_Exercise_. The data below contains pictures, which are to be skipped; the lines starting at the line with "CANAPE CLIC CLAC" and ending at the line with "CABLE DE DATOS" are to be output exactly, both ends included.

_Source material_.

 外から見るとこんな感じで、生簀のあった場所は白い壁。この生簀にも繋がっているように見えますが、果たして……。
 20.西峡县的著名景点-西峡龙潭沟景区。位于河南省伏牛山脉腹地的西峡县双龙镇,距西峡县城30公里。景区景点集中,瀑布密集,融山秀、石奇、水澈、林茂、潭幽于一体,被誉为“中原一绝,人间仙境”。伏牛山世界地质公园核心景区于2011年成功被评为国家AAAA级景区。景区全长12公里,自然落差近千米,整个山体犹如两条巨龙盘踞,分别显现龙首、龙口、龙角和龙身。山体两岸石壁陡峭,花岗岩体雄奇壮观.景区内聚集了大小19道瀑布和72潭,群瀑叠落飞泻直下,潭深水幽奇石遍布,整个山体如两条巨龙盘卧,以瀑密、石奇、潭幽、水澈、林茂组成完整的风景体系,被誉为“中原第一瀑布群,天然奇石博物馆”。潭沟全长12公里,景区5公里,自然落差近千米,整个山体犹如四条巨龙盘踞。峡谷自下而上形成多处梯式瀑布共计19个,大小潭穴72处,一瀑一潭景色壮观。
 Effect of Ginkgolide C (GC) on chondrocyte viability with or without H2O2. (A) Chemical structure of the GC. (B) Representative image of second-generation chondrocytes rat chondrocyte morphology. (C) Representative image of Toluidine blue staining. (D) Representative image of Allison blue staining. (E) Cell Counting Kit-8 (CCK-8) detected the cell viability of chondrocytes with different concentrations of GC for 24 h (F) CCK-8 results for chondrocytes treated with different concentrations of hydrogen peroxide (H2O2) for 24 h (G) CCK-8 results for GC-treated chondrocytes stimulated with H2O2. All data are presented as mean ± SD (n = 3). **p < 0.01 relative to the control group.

==

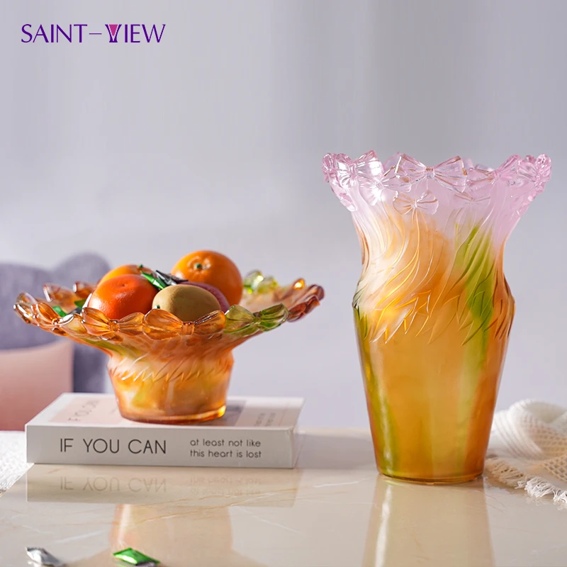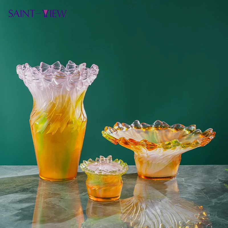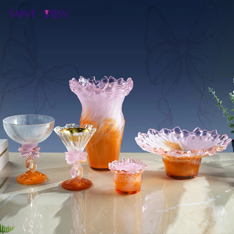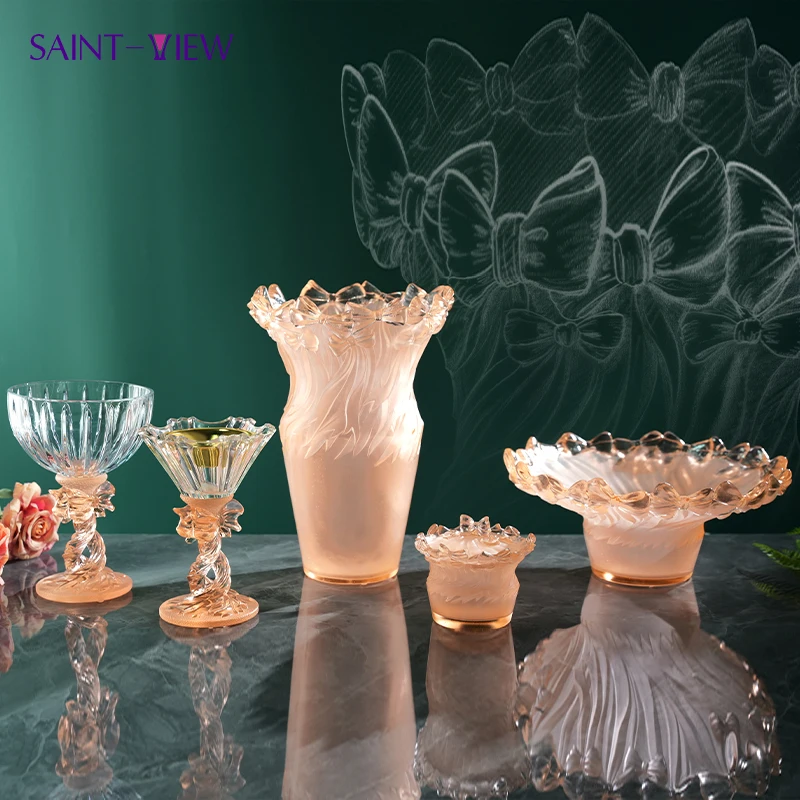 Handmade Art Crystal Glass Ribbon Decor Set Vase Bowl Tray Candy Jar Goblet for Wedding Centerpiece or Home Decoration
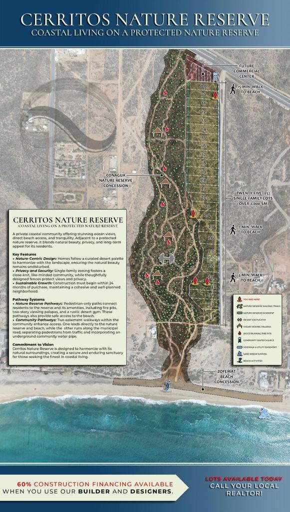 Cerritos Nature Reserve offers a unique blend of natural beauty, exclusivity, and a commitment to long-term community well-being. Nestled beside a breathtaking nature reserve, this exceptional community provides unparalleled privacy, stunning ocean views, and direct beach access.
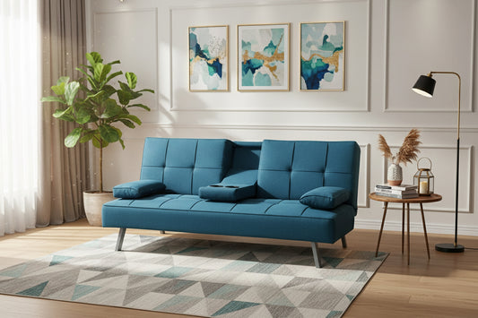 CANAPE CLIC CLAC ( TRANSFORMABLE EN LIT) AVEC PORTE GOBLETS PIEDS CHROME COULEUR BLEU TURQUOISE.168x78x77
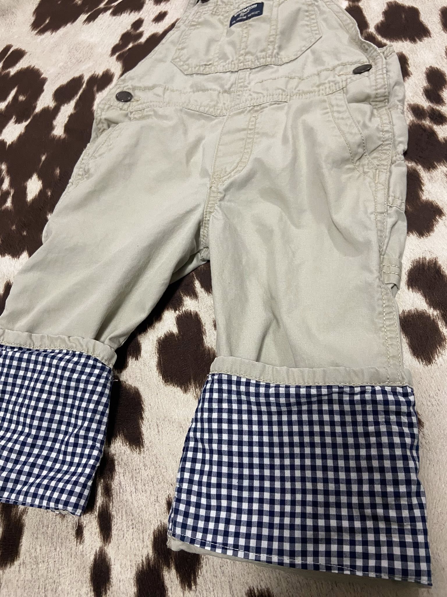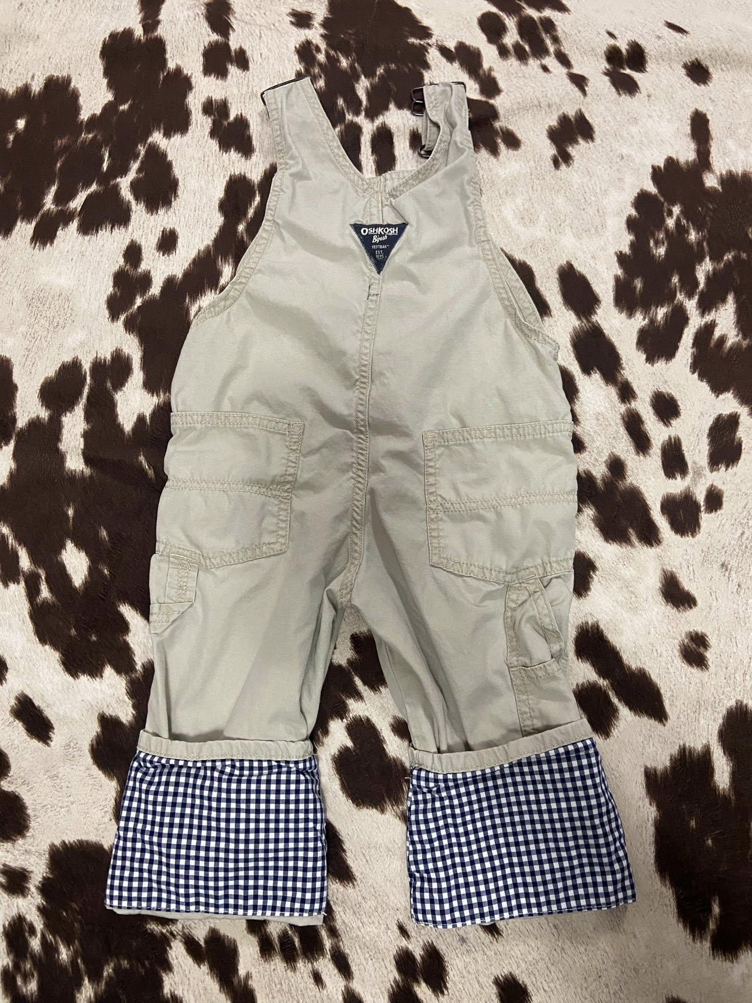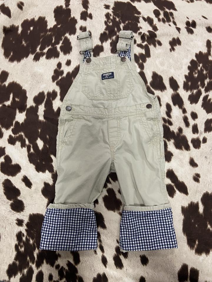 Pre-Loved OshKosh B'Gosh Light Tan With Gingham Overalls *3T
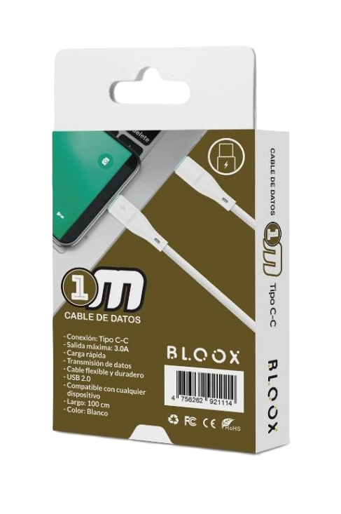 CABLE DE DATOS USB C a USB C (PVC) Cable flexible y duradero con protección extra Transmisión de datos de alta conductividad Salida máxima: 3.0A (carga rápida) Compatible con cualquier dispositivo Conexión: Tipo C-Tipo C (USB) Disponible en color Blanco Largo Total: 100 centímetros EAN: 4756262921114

...

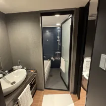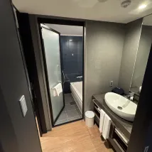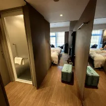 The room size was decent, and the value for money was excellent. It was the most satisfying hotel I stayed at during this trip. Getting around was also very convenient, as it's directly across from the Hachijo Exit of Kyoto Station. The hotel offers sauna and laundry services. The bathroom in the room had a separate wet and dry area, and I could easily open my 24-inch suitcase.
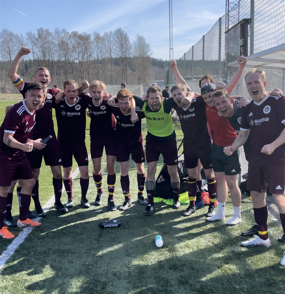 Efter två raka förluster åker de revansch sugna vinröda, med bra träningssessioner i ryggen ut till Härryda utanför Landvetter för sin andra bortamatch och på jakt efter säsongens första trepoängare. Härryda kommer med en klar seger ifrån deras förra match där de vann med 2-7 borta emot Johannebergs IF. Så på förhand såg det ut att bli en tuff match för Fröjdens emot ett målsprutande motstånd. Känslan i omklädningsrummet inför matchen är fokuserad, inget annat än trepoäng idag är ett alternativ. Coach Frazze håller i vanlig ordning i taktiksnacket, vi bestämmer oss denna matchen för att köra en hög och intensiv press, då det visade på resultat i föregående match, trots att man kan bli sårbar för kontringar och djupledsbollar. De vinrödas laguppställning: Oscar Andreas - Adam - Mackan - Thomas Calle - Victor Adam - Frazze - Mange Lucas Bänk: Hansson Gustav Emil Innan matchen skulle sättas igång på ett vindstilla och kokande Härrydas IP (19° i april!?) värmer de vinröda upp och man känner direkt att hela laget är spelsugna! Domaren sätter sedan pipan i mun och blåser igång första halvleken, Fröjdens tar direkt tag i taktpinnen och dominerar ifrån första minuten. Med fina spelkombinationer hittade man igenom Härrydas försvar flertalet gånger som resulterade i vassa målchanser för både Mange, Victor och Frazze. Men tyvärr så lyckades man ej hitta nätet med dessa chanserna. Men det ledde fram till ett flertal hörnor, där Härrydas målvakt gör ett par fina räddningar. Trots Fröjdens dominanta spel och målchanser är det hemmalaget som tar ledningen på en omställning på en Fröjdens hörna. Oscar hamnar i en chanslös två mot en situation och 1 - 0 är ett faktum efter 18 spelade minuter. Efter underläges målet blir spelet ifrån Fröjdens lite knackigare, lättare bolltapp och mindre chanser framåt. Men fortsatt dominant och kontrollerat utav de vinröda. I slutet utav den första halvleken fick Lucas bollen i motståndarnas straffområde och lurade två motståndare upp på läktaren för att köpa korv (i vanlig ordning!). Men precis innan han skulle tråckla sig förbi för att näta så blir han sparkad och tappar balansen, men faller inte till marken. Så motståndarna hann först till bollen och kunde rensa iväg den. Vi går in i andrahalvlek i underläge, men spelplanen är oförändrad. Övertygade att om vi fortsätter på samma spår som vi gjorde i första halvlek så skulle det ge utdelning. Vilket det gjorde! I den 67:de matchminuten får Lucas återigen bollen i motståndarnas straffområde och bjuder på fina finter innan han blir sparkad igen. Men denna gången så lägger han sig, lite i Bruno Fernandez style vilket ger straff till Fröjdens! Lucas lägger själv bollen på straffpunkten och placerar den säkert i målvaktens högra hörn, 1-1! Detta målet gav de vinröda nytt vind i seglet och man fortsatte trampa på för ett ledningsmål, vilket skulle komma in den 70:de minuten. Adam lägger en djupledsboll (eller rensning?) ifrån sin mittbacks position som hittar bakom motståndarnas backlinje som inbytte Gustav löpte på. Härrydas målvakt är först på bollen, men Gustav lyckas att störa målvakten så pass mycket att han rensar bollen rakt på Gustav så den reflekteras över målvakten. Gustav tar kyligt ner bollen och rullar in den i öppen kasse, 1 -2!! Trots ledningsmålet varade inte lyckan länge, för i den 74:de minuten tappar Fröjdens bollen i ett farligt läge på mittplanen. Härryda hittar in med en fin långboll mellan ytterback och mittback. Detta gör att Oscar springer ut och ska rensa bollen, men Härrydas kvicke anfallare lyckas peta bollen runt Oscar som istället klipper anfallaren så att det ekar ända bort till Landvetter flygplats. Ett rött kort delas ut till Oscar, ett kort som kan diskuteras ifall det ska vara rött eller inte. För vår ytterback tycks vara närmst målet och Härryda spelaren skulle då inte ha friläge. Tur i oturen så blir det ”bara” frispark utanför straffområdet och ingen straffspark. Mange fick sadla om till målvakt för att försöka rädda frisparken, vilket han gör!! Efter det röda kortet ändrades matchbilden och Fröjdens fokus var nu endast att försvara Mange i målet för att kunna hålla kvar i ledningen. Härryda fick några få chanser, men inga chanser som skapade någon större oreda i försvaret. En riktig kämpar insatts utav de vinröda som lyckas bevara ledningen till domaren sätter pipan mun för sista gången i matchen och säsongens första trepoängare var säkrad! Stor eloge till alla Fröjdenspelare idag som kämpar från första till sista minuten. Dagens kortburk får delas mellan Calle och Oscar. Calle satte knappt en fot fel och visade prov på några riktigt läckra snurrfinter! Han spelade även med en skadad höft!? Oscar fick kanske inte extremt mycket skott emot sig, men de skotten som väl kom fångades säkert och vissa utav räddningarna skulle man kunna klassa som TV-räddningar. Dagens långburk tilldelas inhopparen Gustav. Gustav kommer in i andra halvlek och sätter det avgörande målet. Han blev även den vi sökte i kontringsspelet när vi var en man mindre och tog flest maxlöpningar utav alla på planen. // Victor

_Result of this task_.
 CANAPE CLIC CLAC ( TRANSFORMABLE EN LIT) AVEC PORTE GOBLETS PIEDS CHROME COULEUR BLEU TURQUOISE.168x78x77
 Pre-Loved OshKosh B'Gosh Light Tan With Gingham Overalls *3T
 CABLE DE DATOS USB C a USB C (PVC) Cable flexible y duradero con protección extra Transmisión de datos de alta conductividad Salida máxima: 3.0A (carga rápida) Compatible con cualquier dispositivo Conexión: Tipo C-Tipo C (USB) Disponible en color Blanco Largo Total: 100 centímetros EAN: 4756262921114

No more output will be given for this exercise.